The political wisdom of not jumping to conclusions was best spelt out by septuagenarian Bihara Singh as he sat stitching trousers on the roadside on his old rickety sewing machine in Dhuri.
“Making a noise is something else. But you must remember that traditional parties do not allow newcomers to spread their wings that easily. It all comes to the point when the voter goes to press the button on the electronic voting machine and what goes on his or her mind at that moment. It is a fact that our lives have remained the same over all these years as we have witnessed promises getting repeated time after time,” he said.
The people are disillusioned with the way they have been treated by various governments. “If there is a huge pothole outside my house it is the government that has to repair it as I neither have the resources nor the technique to do the job. I can request them, express my annoyance by hurling abuses but ultimately I have to bank on them for resolving my problem,” said Mohammad Hassan from Malerkotla, the only Muslim dominated constituency in Punjab, as he sold guavas in Dhuri.
The people in Dhuri and later Barnala reflect the prevalent mood in the Malwa region as one travels through the villages.
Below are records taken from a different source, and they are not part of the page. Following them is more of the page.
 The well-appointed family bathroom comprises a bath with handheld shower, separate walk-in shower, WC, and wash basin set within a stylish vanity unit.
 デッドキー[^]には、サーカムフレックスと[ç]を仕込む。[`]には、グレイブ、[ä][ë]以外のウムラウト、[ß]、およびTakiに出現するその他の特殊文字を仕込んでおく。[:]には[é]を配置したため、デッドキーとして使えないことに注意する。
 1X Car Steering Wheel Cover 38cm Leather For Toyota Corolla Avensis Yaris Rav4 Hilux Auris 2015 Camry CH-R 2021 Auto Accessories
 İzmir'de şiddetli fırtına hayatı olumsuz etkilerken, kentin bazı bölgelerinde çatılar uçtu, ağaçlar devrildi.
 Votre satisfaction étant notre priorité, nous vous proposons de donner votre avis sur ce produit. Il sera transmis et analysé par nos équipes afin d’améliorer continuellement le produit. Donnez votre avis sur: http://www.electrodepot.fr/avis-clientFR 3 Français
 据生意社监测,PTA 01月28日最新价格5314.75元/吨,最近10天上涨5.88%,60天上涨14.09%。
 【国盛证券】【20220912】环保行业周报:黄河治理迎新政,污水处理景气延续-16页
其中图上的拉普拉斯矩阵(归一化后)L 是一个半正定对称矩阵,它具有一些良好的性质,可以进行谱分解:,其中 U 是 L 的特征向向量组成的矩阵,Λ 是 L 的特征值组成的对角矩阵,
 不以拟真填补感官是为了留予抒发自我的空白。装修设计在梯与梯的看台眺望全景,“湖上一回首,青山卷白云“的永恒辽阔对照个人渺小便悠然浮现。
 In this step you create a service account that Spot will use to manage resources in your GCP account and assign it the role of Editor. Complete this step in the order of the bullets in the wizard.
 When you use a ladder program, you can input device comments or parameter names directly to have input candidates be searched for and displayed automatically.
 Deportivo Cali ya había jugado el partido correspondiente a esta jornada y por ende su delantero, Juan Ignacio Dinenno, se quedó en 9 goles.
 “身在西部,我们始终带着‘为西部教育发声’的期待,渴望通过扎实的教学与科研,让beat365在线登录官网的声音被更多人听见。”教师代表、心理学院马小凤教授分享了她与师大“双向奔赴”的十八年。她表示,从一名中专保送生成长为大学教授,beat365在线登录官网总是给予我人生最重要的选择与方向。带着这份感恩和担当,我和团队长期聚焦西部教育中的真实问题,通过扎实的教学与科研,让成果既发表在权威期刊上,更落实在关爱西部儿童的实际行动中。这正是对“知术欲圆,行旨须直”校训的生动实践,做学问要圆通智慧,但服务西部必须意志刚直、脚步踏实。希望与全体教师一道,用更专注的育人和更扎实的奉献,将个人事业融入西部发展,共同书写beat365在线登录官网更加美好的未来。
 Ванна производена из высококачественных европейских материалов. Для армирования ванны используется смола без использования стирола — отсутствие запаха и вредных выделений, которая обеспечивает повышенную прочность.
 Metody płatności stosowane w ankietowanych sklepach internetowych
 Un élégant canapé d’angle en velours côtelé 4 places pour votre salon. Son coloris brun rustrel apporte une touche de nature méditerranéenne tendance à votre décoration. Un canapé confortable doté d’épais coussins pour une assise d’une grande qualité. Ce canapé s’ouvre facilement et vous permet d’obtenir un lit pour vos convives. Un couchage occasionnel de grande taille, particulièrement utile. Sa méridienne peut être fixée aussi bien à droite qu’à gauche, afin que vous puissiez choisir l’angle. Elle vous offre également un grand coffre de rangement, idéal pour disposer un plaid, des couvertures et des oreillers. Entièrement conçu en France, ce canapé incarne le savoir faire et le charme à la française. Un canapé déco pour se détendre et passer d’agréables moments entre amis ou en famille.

If one talks about what is working for AAP, the women voters in particular say that they are attracted by the Delhi model of Mohalla Clinics and good schools. They are agitated over the government health centres having become little more than referral centres over the years. The continuing menace of drugs also finds a major place in their list of complaints.
AAP has also made a strong political statement by fielding a couple of candidates from common backgrounds who are posing a very stiff challenge to their opponents.
One such candidate is Labh Singh Ugoke who is contesting against Channi on Bhadaur seat. He runs a mobile repair shop, his wife stitches clothes and his mother is a sanitation worker while his father was reportedly employed as a driver. Channi is also contesting from his traditional stronghold of Chamkaur Sahib.
People are drawing parallels with the 1952 polls when one Ajmer Singh of Communist Party of India (CPI) while campaigning on a hand cart had defeated a scion of royalty from this seat even though he had campaigned in a car.
Another candidate is Narinder Kaur Bharaj who is contesting from the Sangrur seat. She had shot to the limelight when she, a student and daughter of a farmer, had managed an AAP booth in 2014 parliamentary polls in her village despite stiff resistance from all corners.
Observers point out that if AAP fares well in Malwa it would be because of a negative sentiment against others in the fray, as well as hope for a change for the better.
The Congress and Akalis also have their strongholds in the Malwa region which they are going all out to protect while looking to increase their seat tallies.
The old timers point out that in this multi cornered political contest across Malwa the winning margins are going to be small and victory and defeat will all boil down to the nth moment of the democratic exercise.